New Year, New Beginnings.



I have several entries that I began writing but never finished. Perhaps it is the minor writer's block that I have had for over a year now, or maybe I just can't gather my thoughts together to form coherent ideas anymore, but I suppose those blog entries will remain unfinished. I find that rather fitting, however, as it is the new year and as those blog entries chronicled things and issues that were prevalent on my mind in 2008; now would be the time to cast them away (as cliched as that is. I suppose that is the theme today, but I will save that story for a much more light-hearted entry, should I feel inclined to write one). 

Certain things that occurred during the last few days of last year have forced me to revisit feelings that I have not felt that strongly for a very long time. This is not a good thing. It has thrown me back into a  state of mind that I've managed to stave off for the duration of the previous year; I might've made forays into it occasionally, but for the most part, I was not consumed by it as I had been when I was younger. Make guesses, if you'd like, but I choose to remain ambiguous, because, quite frankly (and ironically), I have a very difficult time communicating how I feel to others--even loved ones. Just typing that made me shift uncomfortably in my seat. A bit surprising considering I write a public blog (and am a future Communications major)...

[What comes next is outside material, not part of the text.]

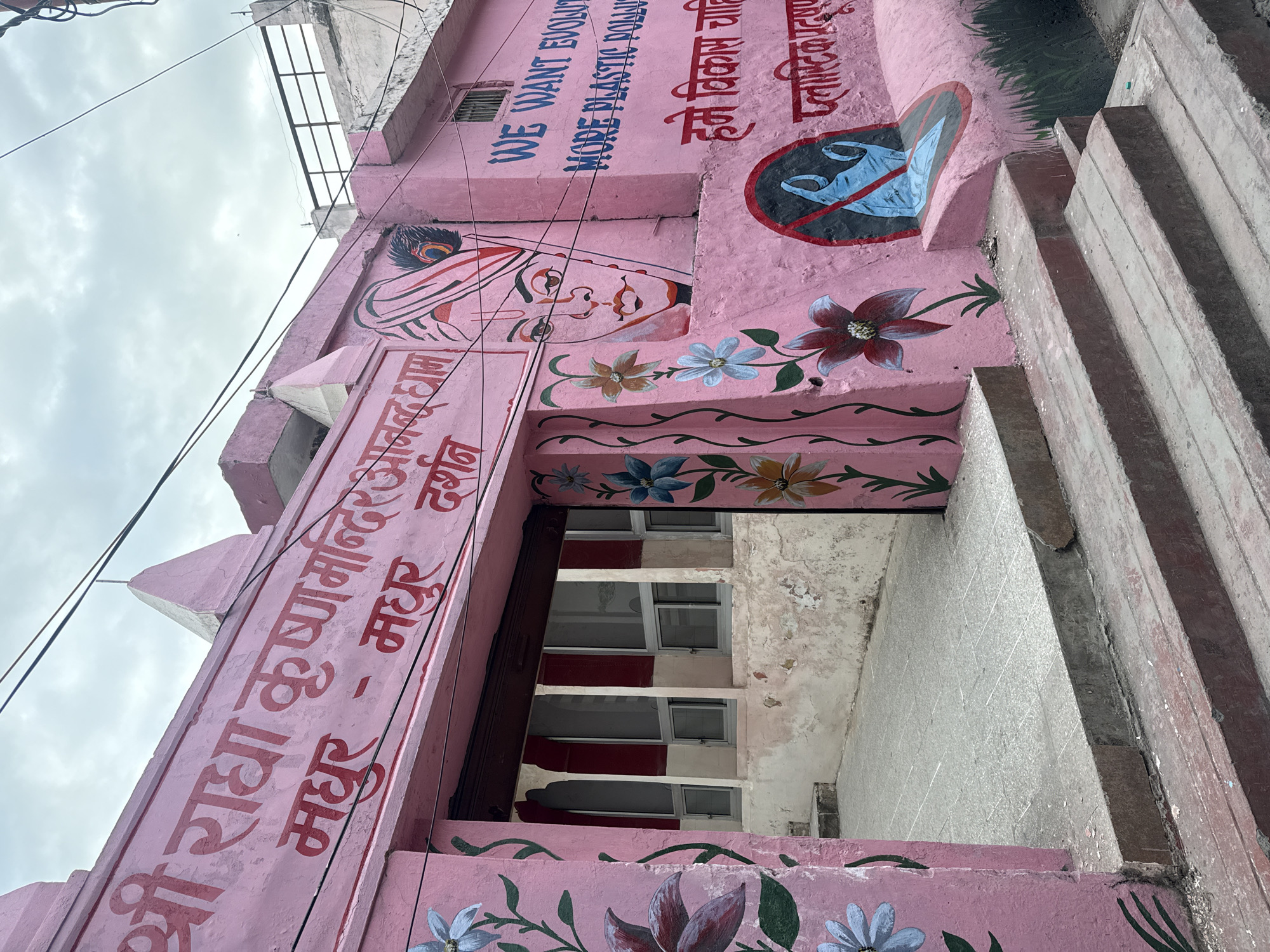 A low-angle shot depicts the pink facade of the Shree Radha Krishna Mandir Anand temple in Mathura, India. The building features artwork, including a woman's face and floral designs. Inscriptions in Hindi and English are visible, reading "Shree Radha Krishna Mandir Anand Mathura" and "We Want Evolution More Plastic Pollution". A symbol indicating "no plastic" is also displayed. The photograph is taken from a staircase leading up to an entrance. The sky is overcast. The immediate environment includes aged walls and stairs, suggesting a well-worn location.

Nevertheless, remnants of 2008 have undoubtedly trailed after me into 2009, and that does not make for a good start to the new year, as 2008 was a pretty bad year, in general.

However! In an attempt to move forward and to stop looking to the past, I'm excited to say that there is something that has been in the works that will hopefully be made official next week, 'round Thursday or Friday. I want to say more, but I shan't. Details are being finalized at the moment, so perhaps when we get closer to Friday, I will post some more about it.

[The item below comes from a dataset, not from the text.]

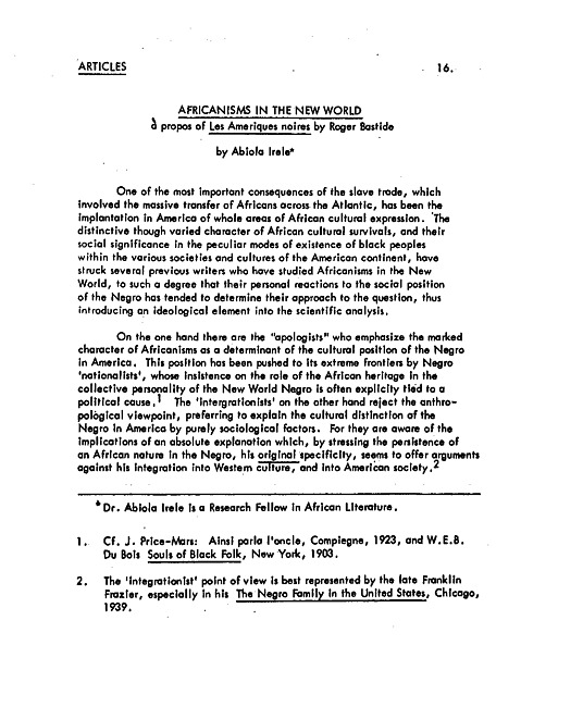 Africanisms in the new world : à propos of Les Ameriques noires by Roger Bastide

I did not make resolutions for the new year because I really don't understand the point, but if I did, I would try to change my attitude toward meeting new people. So far, it's worked out in my favor because I met some pretty amazing individuals toward the end of last year. If I keep this up, maybe I will finally be proven wrong about people and discover that they are not complete shit.

Unfortunately, that is still my attitude most of the time, so I say, as my parting words for this entry, step right up and tear my beliefs down. 



Because I really am sick of being right every time.